Stored data
Content starts
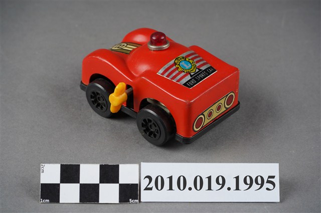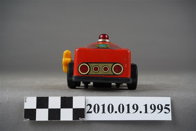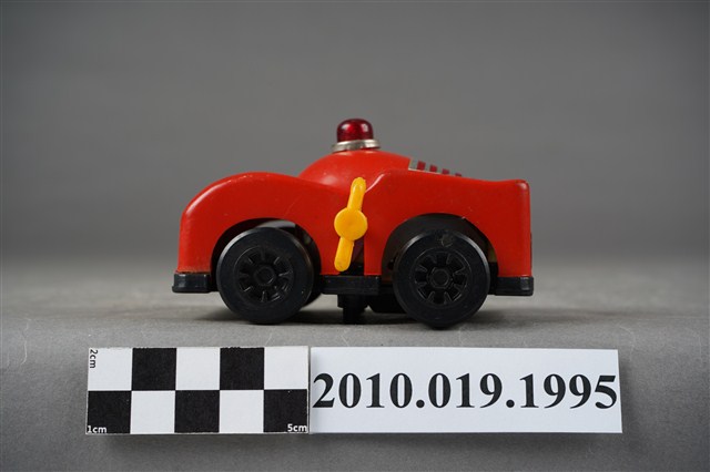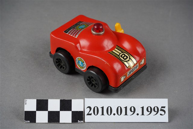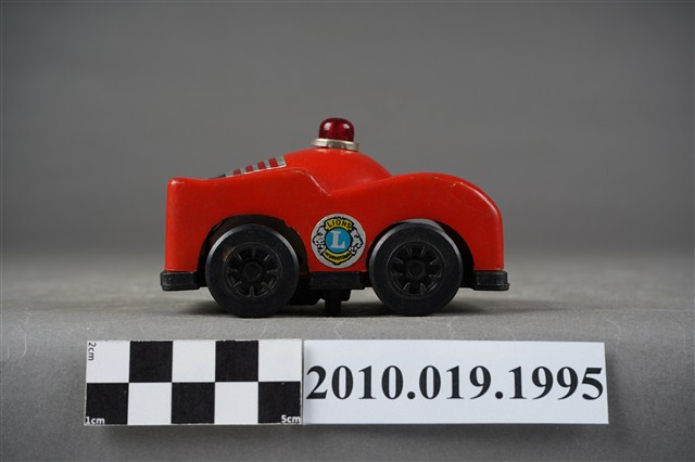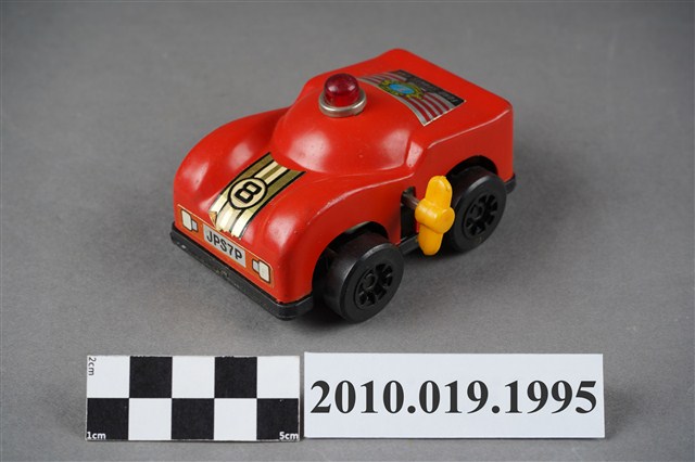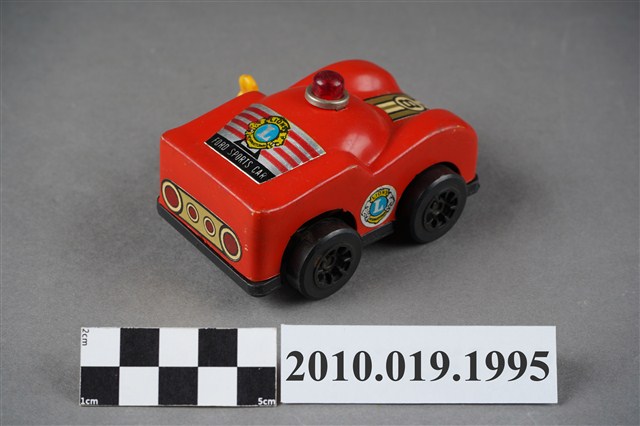 本物件為紅色汽車造型玩具,在車頂上面有紅色的警示燈,車頭蓋上有黃底黑字的「8」,後車廂上面則有黃色徽章寫下藍底白字的「L」,徽章下有「FORD SPORTS CAR」字樣,車子左側有黃色發條鈕,可以使車子前進。
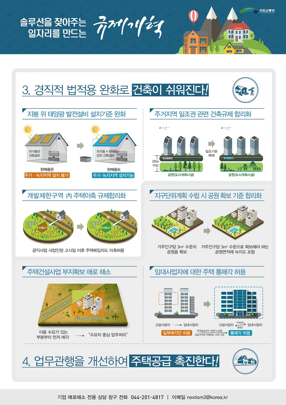 이에 따라 국토부는 12월까지 건축법 시행령을 고쳐 도시계획시설의 위치와 상관없이 대지에 인접한 도로와 도시계획시설의 너비 합이 20m를 넘으면 일조권사선제한 적용을 배제하도록 할 계획이다.
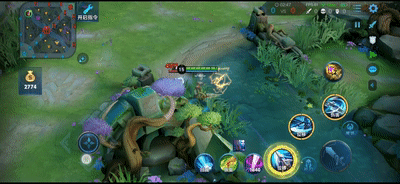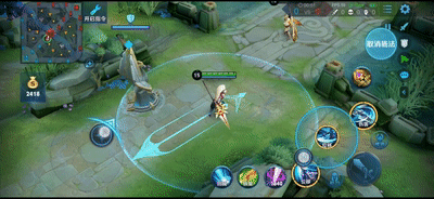 我们打出强化普攻时可以往回拉,这样就可以将野怪或者敌人往回挑。
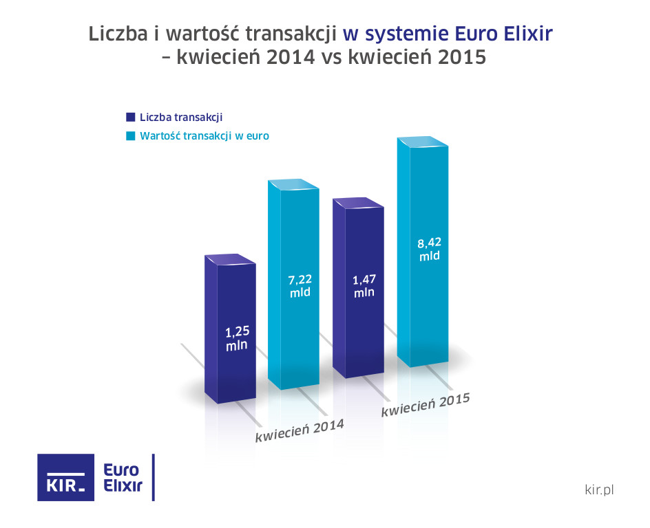 Liczba transakcji rozliczonych w systemie Euro Elixir wyniosła w kwietniu br. ponad 1,4 mln, przekraczając 8,4 mld euro. W porównaniu do kwietnia 2014 r., wzrosły zarówno liczba transakcji – o 217 tys., jak i wartość obrotów – o 1,2 mld euro.
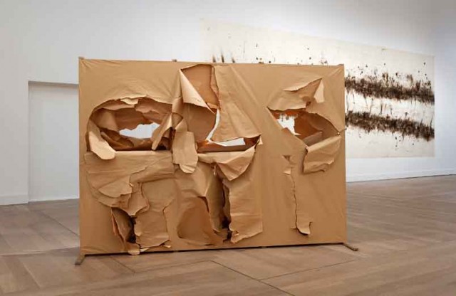 Visuels : 1/ Saburo Murakami, Muttsu no ana (Six Holes), 1955/2006. Installation view from Explosion! Painting as action, 2012, © Photo: Albin Dahlström / Moderna Museet 2/ Jackson Pollock, Painting (Silver over Black, White, Yellow and Red), 1948 © héritiers Jackson Pollock 2012. 3/ Jackson Pollock dans son atelier © héritiers Jackson Pollock 2012.
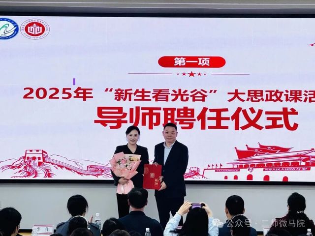 在随后举行的“新生看光谷”大思政课活动导师聘任仪式中,英国威廉集团党总支书记金殿中为黄龙山社区党支部书记邱颖颁发聘书,正式聘请其担任“新生看光谷”大思政课活动导师。
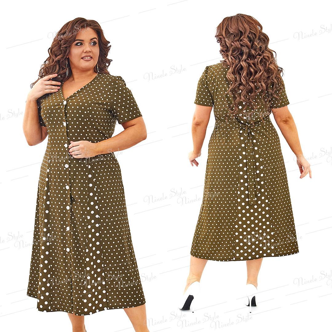 Платье женское выполненное из двух видов ткани. в горошек (крупный и мелкий) с V образной горловиной. Втачным коротким рукавом и втачным поясом в боковых швах. Перед платья с рельефами. От талии в рельефы вставлены клинья в крупный горох. Спинка из двух частей. По центру вставлен клин  в крупный горох. Платье будет актуально на каждый день
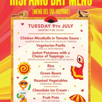 Click here to view our special lunch menu that will be served on Hispanic Day! Children are also welcome to dress in traditional clothing or in the colors red, yellow, or blue inspired by Spanish-speaking countries.
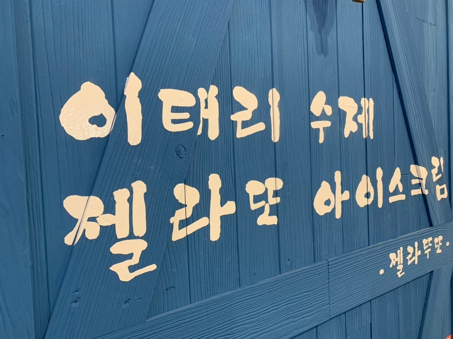 첫번째로 눈에 띈 서체는 매장 입구 메인의 손글씨였습니다. ‘수제’라는 제품의 특징을 강조하기 좋은 서체입니다. 캘리그라피라는 문자 표현은 인공적이지 않고 자연의 방식으로 만들었다는 메세지를 표현하기에 참 적절해 보입니다. 파란색 페인트로 손수 칠한듯한 벽면은 이탈리아 반도를 둘러싸고 있는 지중해의 물빛을 닮았네요. 그 위에 흰색으로 써서 더 시원한 기분이 납니다.
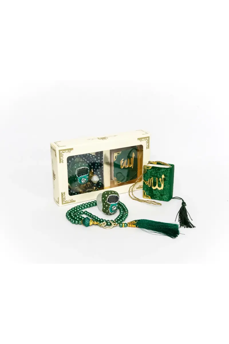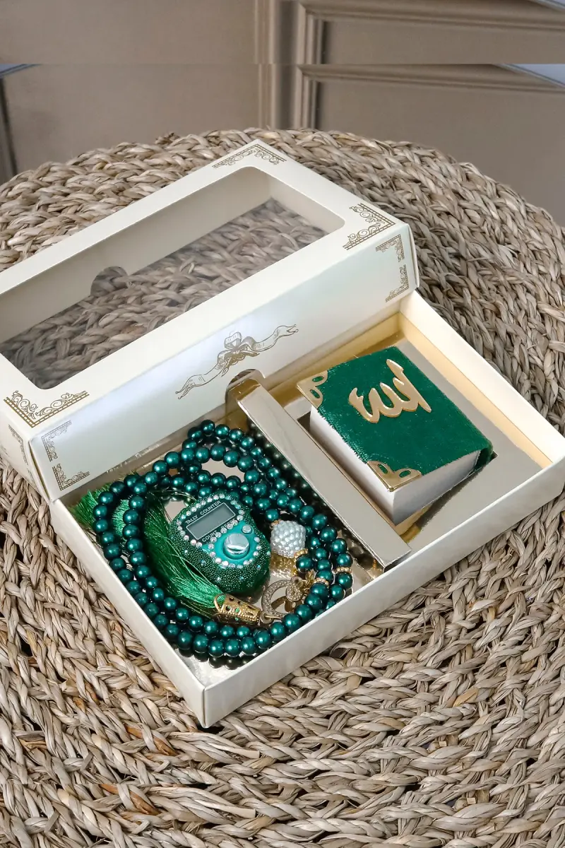 Özel günlerinizde sevdiklerinize anlamlı bir hediye vermek, manevi değerlerinizi ön plana çıkarmak ve onlara unutulmaz bir jest yapmak istiyorsanız, Taşlı Zikirmatik TesbiModazoneatik Kadife Kaplı Mini Kuran 99lu İnci Tesbih Seti tam size göre! Bu eşsiz set, zarafeti, maneviyatı ve kullanışlılığı bir araya getirerek sevdiklerinizin kalbine dokunacak. Hac, Umre, Mevlid, Nişan, Söz veya herhangi bir özel davet için mükemmel bir hediye seçeneği olan bu set, içeriğindeki her bir ürünle değerinizi gösterecek.Set içerisinde yer alan 99'lu inci tesbih, zarif tasarımı ve kaliteli malzemesiyle dikkat çekiyor. İnci tanelerinin oluşturduğu estetik görünüm, tesbih çekerken hem görsel bir keyif sunuyor hem de manevi huzurunuzu artırıyor. Püsküllü detaylarıyla zenginleştirilmiş bu tesbih, günlük ibadetlerinizde veya özel anlarınızda size eşlik edecek.Kadife kaplı mini Kuran-ı Kerim ise, setin en değerli parçalarından biri. Altın renkli köşe korumaları ve Allah (cc) lafzıyla süslenmiş bu mini Kuran, hem şık bir görünüme sahip hem de manevi anlamı büyük. 5 x 5 cm boyutlarıyla yanınızda kolayca taşıyabileceğiniz bu Kuran, her an Allah'ın kelamıyla bağlantıda kalmanızı sağlayacak. Kadife dokusu, Kuran'a dokunurken size ayrı bir huzur verecek.Setin en dikkat çekici özelliklerinden biri de Swaroski taşlı elektronik yüzük zikirmatik. Bu teknolojik tesbih, modern tasarımıyla geleneksel tesbih çekme alışkanlığınıza yeni bir boyut kazandırıyor. Parmağınıza yüzük gibi takarak kolayca zikir çekebilir, LCD ekranından kaç zikir çektiğinizi takip edebilirsiniz. 5 haneli ve 99999'a kadar sayabilen bu zikirmatik, hafızalı özelliği sayesinde bıraktığınız sayıdan devam etmenizi sağlıyor. Tavaf yaparken, yürürken, otobüste veya arabada rahatlıkla kullanabileceğiniz bu zikirmatik, her an zikir çekme imkanı sunarak manevi hayatınıza katkıda bulunuyor.Bu özel set, süslü asetat kutusu içerisinde sunulmaktadır. 16,5 x 10 x 3 cm boyutlarındaki bu kutu, hem ürünlerin güvenli bir şekilde taşınmasını sağlıyor hem de hediye sunumunuza şıklık katıyor. 108 gram ağırlığıyla hafif ve kullanışlı olan bu set, sevdiklerinize verdiğiniz değeri en güzel şekilde ifade etmenizi sağlayacak.Taşlı Zikirmatik TesbiModazoneatik Kadife Kaplı Mini Kuran 99lu İnci Tesbih Seti ile sevdiklerinize hem manevi bir hediye verin hem de onların hayatına dokunun. Bu set, özel anlarınızı daha anlamlı kılacak ve sevdiklerinizle aranızdaki bağı güçlendirecek. Her bir detayı özenle düşünülmüş bu set, kaliteden ödün vermeden maneviyatı ön planda tutanlar için ideal bir seçimdir. Unutmayın, bu set her siparişte 10 adet olarak gönderilecektir.
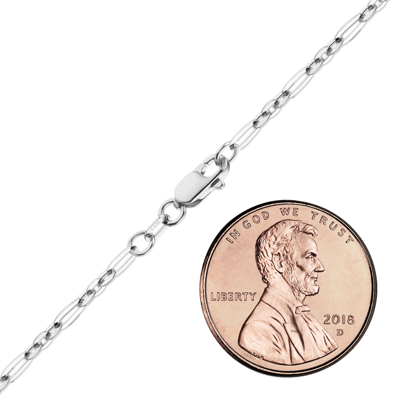 Dieses aus massivem 14-karätigem Weißgold mit Rhodium-Beschichtung gefertigte Figaro-Armband mit Diamantschliff zeugt von meisterhafter italienischer Handwerkskunst und besticht durch facettierte Glieder. Der Diamantschliff verleiht dem Armband Tiefe und Glanz, während das strahlende Weiß die Diamanten und moderne Schmuckstile perfekt ergänzt und es optisch ansprechender macht als schlichte Figaro-Armbänder.
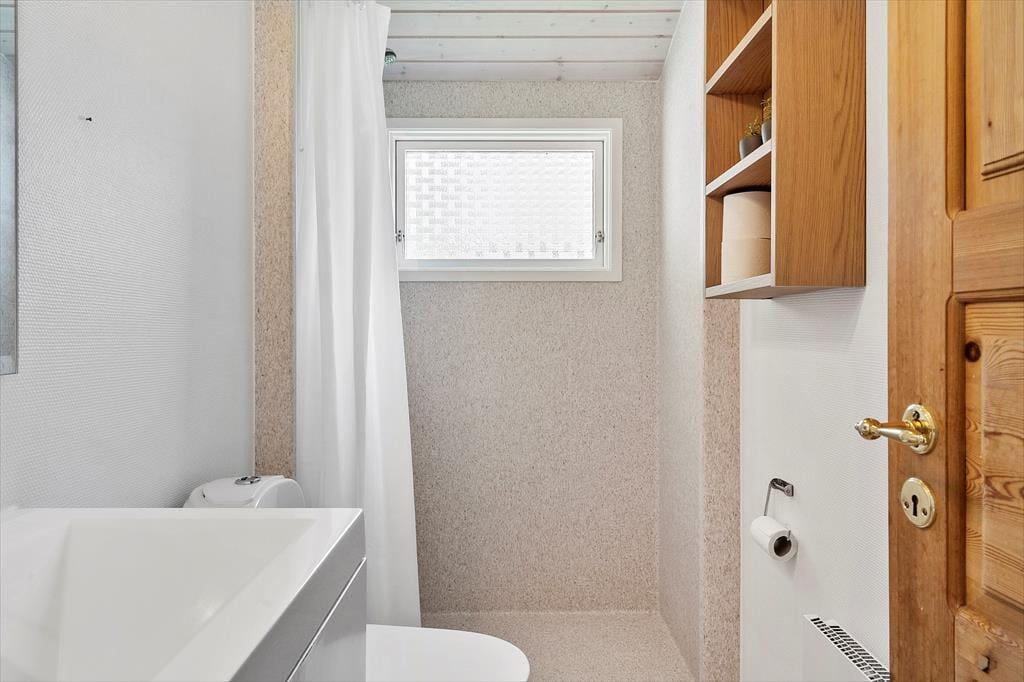 Stuens brændeovn, den overdækkede terrasse og den grønne beplantning på den kuperede grund – alt det og meget mere er med til at give dig en hyggelig og stemningsfuld ramme om ferielivet i dette sommerhus i Toftum Bjerge.
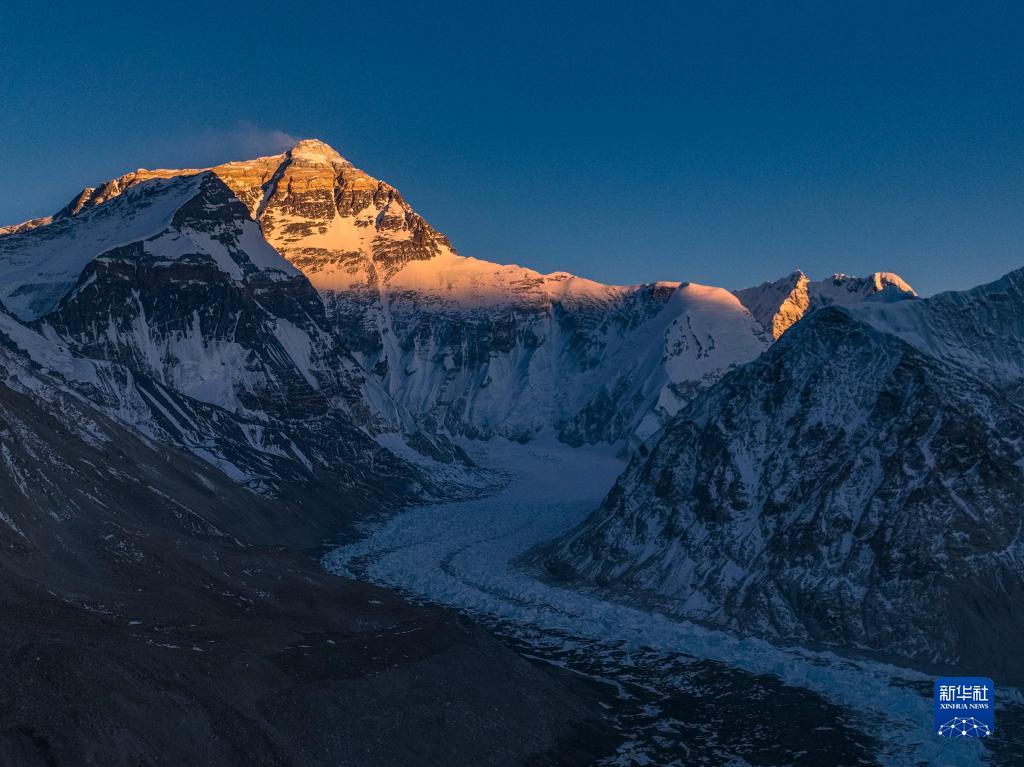 這是5月11日日落時分拍攝的珠穆朗瑪峰(無人機照片)。新華社記者 孫非 攝
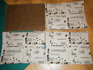 I showed you some coaster I was making for my brother for Christmas a while ago, and in the last post I showed you the tea towels I'd made, well now I've finished up the placemats (I'm guessing you've realised it's all a matching set!), there's just coffee cosies to go and I'll show you them all together. I'm quite pleased with these.
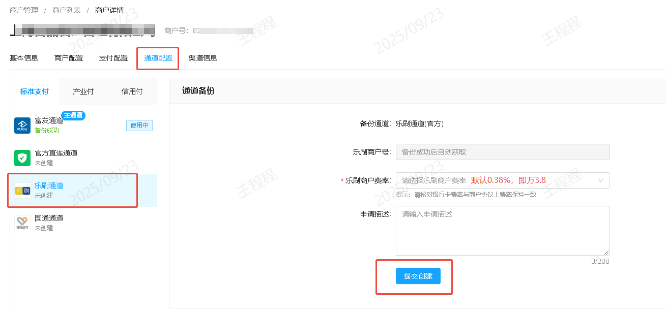 操作流程:商户管理——商户列表——商户详情——通道配置——乐刷通道(提交创建乐刷时,乐刷商户费率默认填写0.38%(即万38))
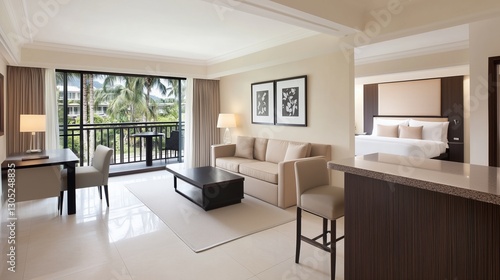 Fototapeta premium Luxury hotel suite with open-plan living area and tropical view. Elegant...
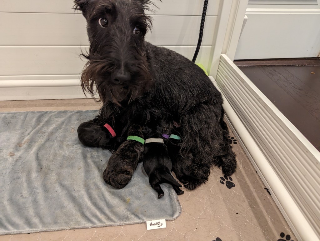 We have been eagerly awaiting our next litter of Scottie puppies for quite awhile now. It’s been two full years since we last raised a litter and we’re very, very excited to have pups in the whelping box again.
Content ends
= INSTRUCTIONS FOR THE TASK =
Although pictures appear among the entries, please set down only the lines from the one with "I showed you some" up to and including the one with "Fototapeta premium Luxury", word for word.

= RESPONSE =
 I showed you some coaster I was making for my brother for Christmas a while ago, and in the last post I showed you the tea towels I'd made, well now I've finished up the placemats (I'm guessing you've realised it's all a matching set!), there's just coffee cosies to go and I'll show you them all together. I'm quite pleased with these.
 操作流程:商户管理——商户列表——商户详情——通道配置——乐刷通道(提交创建乐刷时,乐刷商户费率默认填写0.38%(即万38))
 Fototapeta premium Luxury hotel suite with open-plan living area and tropical view. Elegant...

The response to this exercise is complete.